Homesick, she returned to South Africa in 2007 to work for the first time as a licenced assistant trainer to Yvette Bremner, a Top 3 trainer in the Eastern Cape for many seasons. This is where she met leading Durban-based jockey Alec Forbes and their relationship got so serious that she reached another important juncture – a choice of staying in Port Elizabeth with a job and an easy way into training, or leaving with Alec to get married and search afresh for a job in racing, in a new centre.

Alec Forbes

The late Alec Forbes (photo: hamishNIVENPhotography)

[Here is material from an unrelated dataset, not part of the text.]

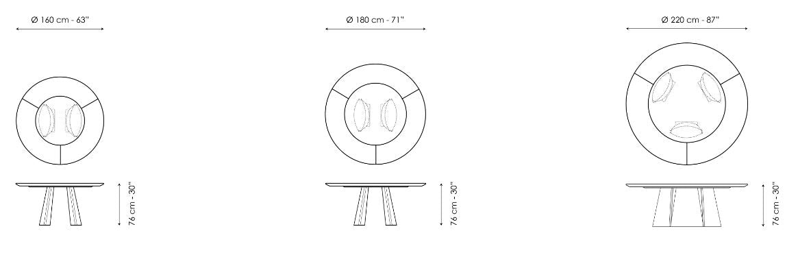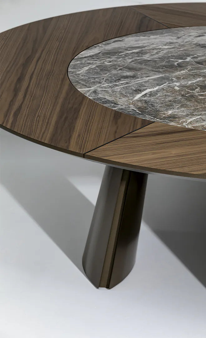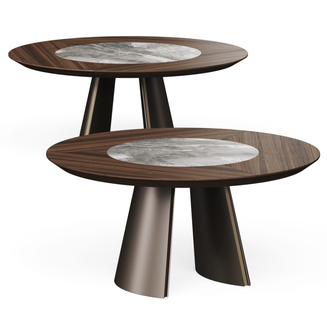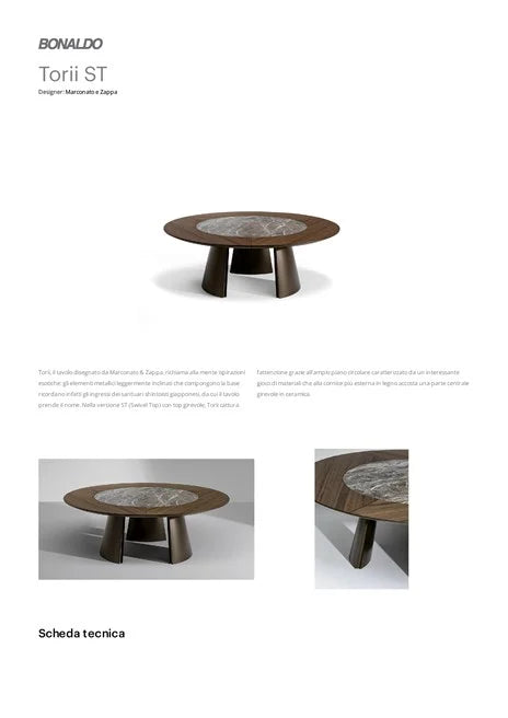 Masa Torii proiectată de Marconato & Zappa își demonstrează clar inspirația exotică: elementele metalice ușor înclinate care alcătuiesc baza amintesc de intrările în altarele shinto japoneze, de unde își ia numele această masă rotundă din lemn. Versiunea Torii ST (Swivel Top) cu blat rotativ atrage atenția datorită suprafeței circulare mari, care prezintă o interacțiune interesantă între materiale și care combină cadrul exterior din lemn cu o secțiune centrală ceramică rotativă. Rezultatul este un contrast de materiale și finisaje pentru o masă cu o prezență teatrală semnificativă.

“That was a decision that made itself, and I didn’t struggle to get into the Durban racing scene, first as an assistant to Deon Visser and then to Alyson Wright at Summerveld. But wherever I worked I felt that I would do things differently. My employers were all successful and sending out winners, doing it their way, but I was keen to experiment doing it my way and one day I met a gentleman called John Jones who said to me, “Lezeanne, just do it, don’t hold back!” He bought me two horses and I found two others, one of which was a leased horse, and took out my trainers’ licence starting in 2013.”

She’s consistently averaged 20 winners a season from a small string for the last six seasons, peaking on 26 winners with her biggest string of 38 horses last season, and her top runners included Maryah, the high-level sprinter Linear, and KZN’s 2020 champion three-year-old filly, Mary O.

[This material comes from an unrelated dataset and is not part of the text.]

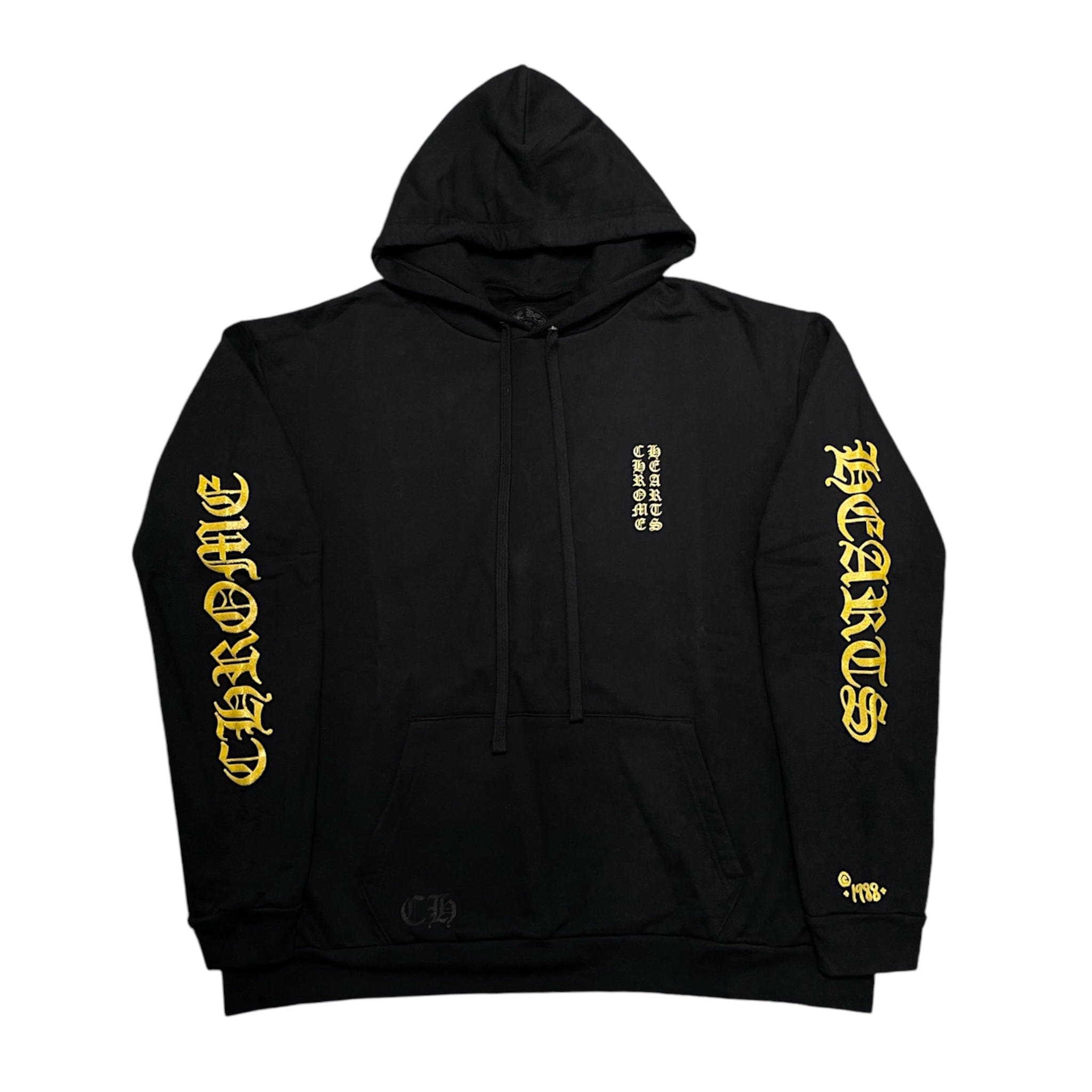 Chrome Hearts Online Exclusive 1988 Glittered Vertical Logo Hooded Sweatshirt Black Gold

Lezeanne is philosophical about her future. “Yes, the stable has grown and winners have come, but at the same time feed, transport and wages have doubled while the stakes have halved with the advent of Covid. I’ve had to choose between my children, who need me now more than ever, or racing on in a volatile time with no improvements in sight. Running a stable is all-consuming. You do it whole-heartedly or don’t do it at all.”

Lezeanne is applying for visas now, sizing up employment opportunities abroad, but looking to travel first. “Call it a sabbatical if you wish, but I’m going to travel for a while. This may require that we go to Albania first in order to get easier access elsewhere, but I will do that if I have to.”

She stressed: “I know that I will return to working with horses, because it’s not a job, it’s a calling. I will never do anything else.” And so, Lezeanne Forbes will undoubtedly return to her life’s work, but her talents are probably lost to her country of birth, forever.

I’m wondering, in closing off, and following the loss of many South Africans to other racing jurisdictions including a host of top jockeys and more recently trainers Mathew de Kock and Gary Alexander – how much more skills will drain from South Africa before things take a turn for the better?